# Sir Vape April Fool's Day Sale



## Sir Vape (31/3/17)

Join us this Saturday for our April Fool's Day Sale  Starts at 9:00am sharp. Items will be loaded into the sale tab during the course of today but will only get discounted on the day. Sale will be available to our in-store and online customers as well. If you are in the area make sure you pop in. New juices have arrived and we have a bunch of pre-release juices for you guys to test

Reactions: Like 4


----------



## Yagya (31/3/17)

its a bad 1 this..
on my birthday


----------



## Stosta (31/3/17)

Looking forward to seeing what comes up!


----------



## Yagya (31/3/17)

also waiting..need to get me a birthday present from myself.


----------



## blujeenz (31/3/17)

Im foolishly hoping the SXK BB will make it onto the sale list.

Reactions: Funny 1


----------



## Sir Vape (31/3/17)

Some items have been loaded into the April Fools tab but the sale price will only reflect tomorrow at 9:00am

Reactions: Thanks 1


----------



## Anneries (31/3/17)

Sir Vape said:


> Some items have been loaded



does that mean that more items might make it in tomorrow at 9am?
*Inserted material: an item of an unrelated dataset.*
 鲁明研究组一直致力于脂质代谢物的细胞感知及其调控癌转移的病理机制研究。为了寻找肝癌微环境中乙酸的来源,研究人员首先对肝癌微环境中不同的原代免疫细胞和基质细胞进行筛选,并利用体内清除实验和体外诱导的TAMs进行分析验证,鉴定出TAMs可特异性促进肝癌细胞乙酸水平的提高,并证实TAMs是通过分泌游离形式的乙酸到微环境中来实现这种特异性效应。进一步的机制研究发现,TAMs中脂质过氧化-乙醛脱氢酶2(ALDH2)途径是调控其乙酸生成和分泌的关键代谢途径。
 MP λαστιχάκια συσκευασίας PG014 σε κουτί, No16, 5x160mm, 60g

Or is that the list? I will have to keep my browswers shut for the day, or everyone should do me a solid and buy everything before I get to the site. This is not the month to be looking at specials.

Reactions: Can relate 1


----------



## boxerulez (1/4/17)

F5 F5

https://www.sirvape.co.za/collections/deal-of-the-day

404 PAGE NOT FOUND 


April Fools are we?


----------



## daniel craig (1/4/17)

boxerulez said:


> F5 F5
> 
> https://www.sirvape.co.za/collections/deal-of-the-day
> 
> ...


It's working now


----------



## blujeenz (1/4/17)

boxerulez said:


> F5 F5
> 
> https://www.sirvape.co.za/collections/deal-of-the-day
> 
> ...


Same thing happened to me cos I bookmarked yesterday.
new link https://www.sirvape.co.za/collections/deal-of-the-day?sort_by=price-descending


----------



## incredible_hullk (1/4/17)

This right here is insane

Reactions: Like 1 | Agree 1


----------



## boxerulez (1/4/17)

oooH JUST BAGGED an LP and TM on sale

Reactions: Like 2


----------



## incredible_hullk (1/4/17)

boxerulez said:


> oooH JUST BAGGED an LP and TM on sale


That lp at R599 is a killer deal!

Reactions: Like 1 | Agree 1


----------



## Riaz (1/4/17)

boxerulez said:


> F5 F5
> 
> https://www.sirvape.co.za/collections/deal-of-the-day
> 
> ...


https://www.sirvape.co.za/collections/deal-of-the-day?page=1

You were on the wrong page

Reactions: Thanks 1


----------



## umzungu (1/4/17)

Added an lp to the collection!

Sent from my SM-G935F using Tapatalk

Reactions: Like 1


----------